Pigskin Pursuits – Sesquicentennial Snapshot

In the first installment of a three volume anthology of the history of athletics at Wheaton College, Through Clouds and Sunshine: A Story of Wheaton College Athletics from the Beginning (1892-1940), Edward Coray recounts the early endeavors of securing football at the school. Insights are also found another book by Coach Coray, The Wheaton I Remember.

Wheaton College Football, 1919 (Ed Coray, back row 4th from right)

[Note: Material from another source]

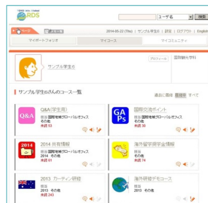
< Visualization of Learning Outcome through E-portfolio >

Through the Toyo University - UCLA Extension Center for Global Education, joint courses will be developed for all generations for a total of 500 courses and 10,000 participants by 2023.

President Charles Blanchard for a long time put football in the same category as gambling and hard liquor. To understand this, one needs to know something of Dr. Blanchard’s personality and character. A gentle man who loved the young people of Wheaton, he hated to think of any of these fine young men being involved in a sport where people might be maimed for life or even killed [note: a real possibility in the early days of football]. In addition the majority denounced the sport as brutal. So the administration and faculty members at Wheaton did not stand alone in being skeptical of the sport.

In 1906 radical rule changes made football a more open game and less susceptible to injuries. President Blanchard, a reasonable man, listened to the arguments of the boys who wanted to play football…Some of the boys, who he thought were nice boys, convinced him that it was a wholesome game and the purpose was really not to maim or kill your opponents. All you wanted to do was knock them down and run over them…Finally he became convinced that with the rules changed…the sport could be an asset rather than a liability in preparing young men for a lifetime of fruitful service….

He consented to having it on the program, though he never came to understand the fine points of the game. Once our opponents were running through our line as if it were made of paper. The backfield men were making such tackles as were made. I was in a good position to know how weak our line was because I was in it. Fans along the sidelines began moaning. “We need a line. If only we had a line.” Finally Dr. Blanchard said, “The college budget is quite low but if we need a line perhaps we should buy one. How much do they cost?”